When Ophelia and Penrose arrived at Rue de la Paix, only a few delivery vans and errand boys were about. The door of Maison Fayette was shut tight.

“Too early,” Ophelia said.

Just as they were turning away, the door cracked open.

“Josie!” Ophelia exclaimed without thinking. Josie had met Miss Stonewall, not Mrs. Brand.

Josie peered up at her with puzzled eyes. “Oui, madame?”

Drat. Ophelia resolved to keep her trap shut.

Penrose said, “Is Madame Fayette within?”

“Non, monsieur. We do not expect her at the shop today. She is quite overcome with fatigue as of late.”

“But you, mademoiselle, are working?”

Josie appeared to be on the brink of nervous exhaustion. Her eyes were sunken, and bloodred cracks extended past the corners of her lips.

“I have been working all night. The prince’s ball, you see. . . .”

“Ah. Gowns to be finished.”

“Oui, monsieur.”

“Would you be so kind as to tell me the address of Madame Fayette’s private residence?”

“Oh, non! I could never—”

“Please,” Ophelia said. “It’s most urgent. It concerns the gentleman’s death at the ballet last night—did you hear of it?”

“Oui . . . but you do not suppose Madame had anything to do with that poor gentleman’s death?”

“I do not wish to upset you,” Penrose said, “but yes, I’m afraid she might.”

Josie’s eyes darted up and down the sidewalk. She looked behind her, into the shadows of the shop’s foyer.
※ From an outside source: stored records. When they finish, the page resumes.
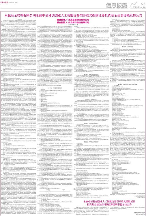 永赢基金管理有限公司永赢中证科创创业人工智能交易型开放式指数证券投资基金基金份额发售公告
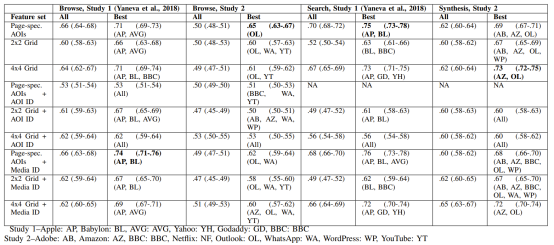 逻辑回归分析结果表明,与30s的浏览任务(0.65)相比,网页浏览时长为120s时模型的分类准确度更高(0.74);页面特定AOI比格状AOI(2*2,4*4)更能提高分类的准确性。
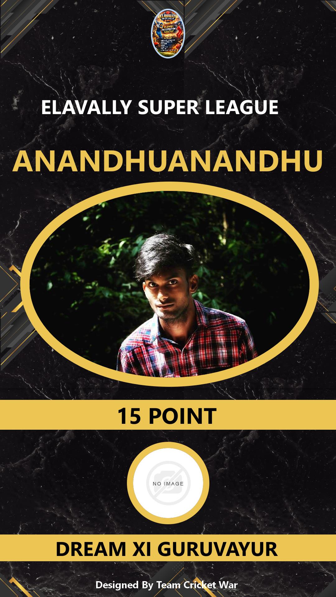 BATSMAN, AGE : 30 GURUVAYOOR Bid Amount : 2 Team : DREAM XI GURUVAYUR Download ID Card VIEW PROFILE |
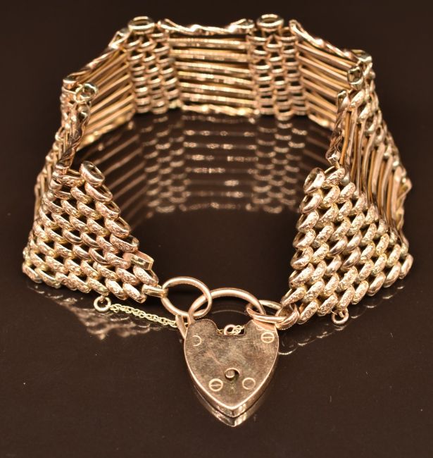 A 9ct gold gate bracelet with heart padlock clasp, 25.9g
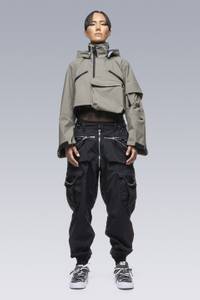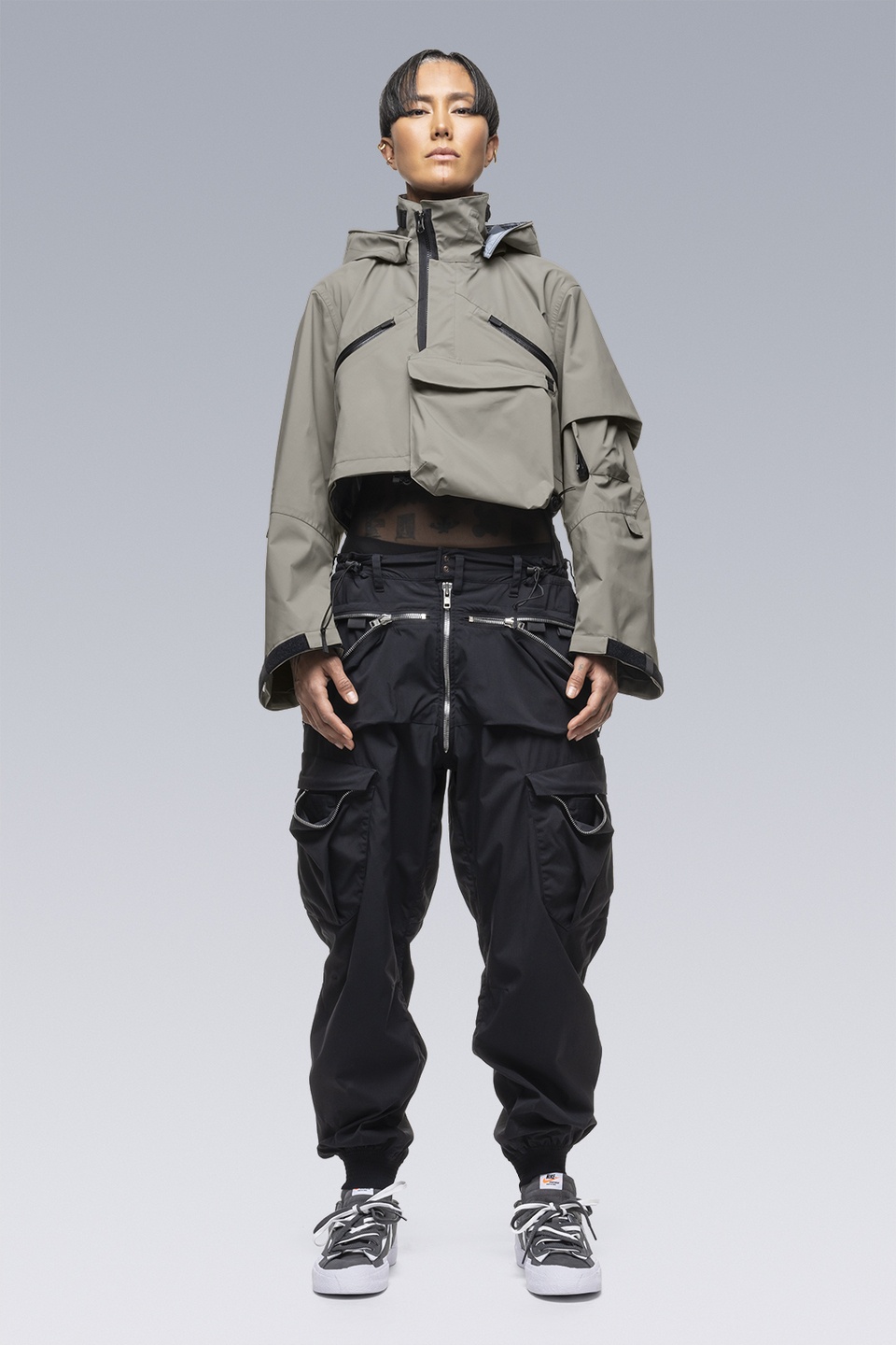 Description J6011 is sacai's aesthetic reframing of the Acronym J1W-GTPL design**. Following sacai methodology, it preserves hallmark attributes while radically altering volume and silhouette. It features both a dramatically truncated length, and striking sleeve and shoulder of exaggerated proportions. Made in Japan by sacai. Shown in size: 2/M (Fa', 180 cm), and 2/M (Errolson, 183 cm.) [ Fits: Ultrawide ] **sacai man 2022 Spring & Summer, women's 2022 Pre Spring collection Riffing on a theme of bonding, both as a metaphor for unity and as a technique for joining together two materials - two ideas that have been at the heart of sacai since the beginning. The collection by founder and designer, Chitose Abe, is a study on sealing together two apparently disparate notions to make a new form, bringing together characteristics born of different, sometimes opposing, origins. The ultimate expression of the idea comes courtesy of a collaboration with ACRONYM®, combining the designer Errolson Hugh's signature technical details with sacai fabrics and shapes for men and women, and, for the first time for ACRONYM®, a dress silhouette. Hugh says, 'Having known Chitose, and of course sacai, for many years, this collaboration is the ideal kind of crosspollination. And as I believe you can see from the results, it's a true blend of the philosophies of both brands, where the sum is greater than the parts.' Fabric Technology 72% PA, 28% ePTFE Sizing S M L XL 1 2 3 4 1/2 Chest 78 80 82 84 Length 40,5 42 43,5 45 Shoulders 15,5 16 16,5 17 Sleeves 60 61,5 63,5 65 All measurements in centimeters. Weight: 668 g (size M, including removable parts)

She leaned close. “Eighty-six Rue Vaneau.” She clamped the door shut.

*

Rue Vaneau lay on the left side of the river, a genteel avenue of apartment blocks with iron balconies and steep slate roofs.

Penrose and Ophelia got past the building’s concierge by using his Lord Harrington calling card. They climbed three flights of stairs, and Penrose rapped on Madame Fayette’s door.

A maid answered, and she and Penrose held a whispered confabulation in French. Then Penrose passed the maid another one of his calling cards.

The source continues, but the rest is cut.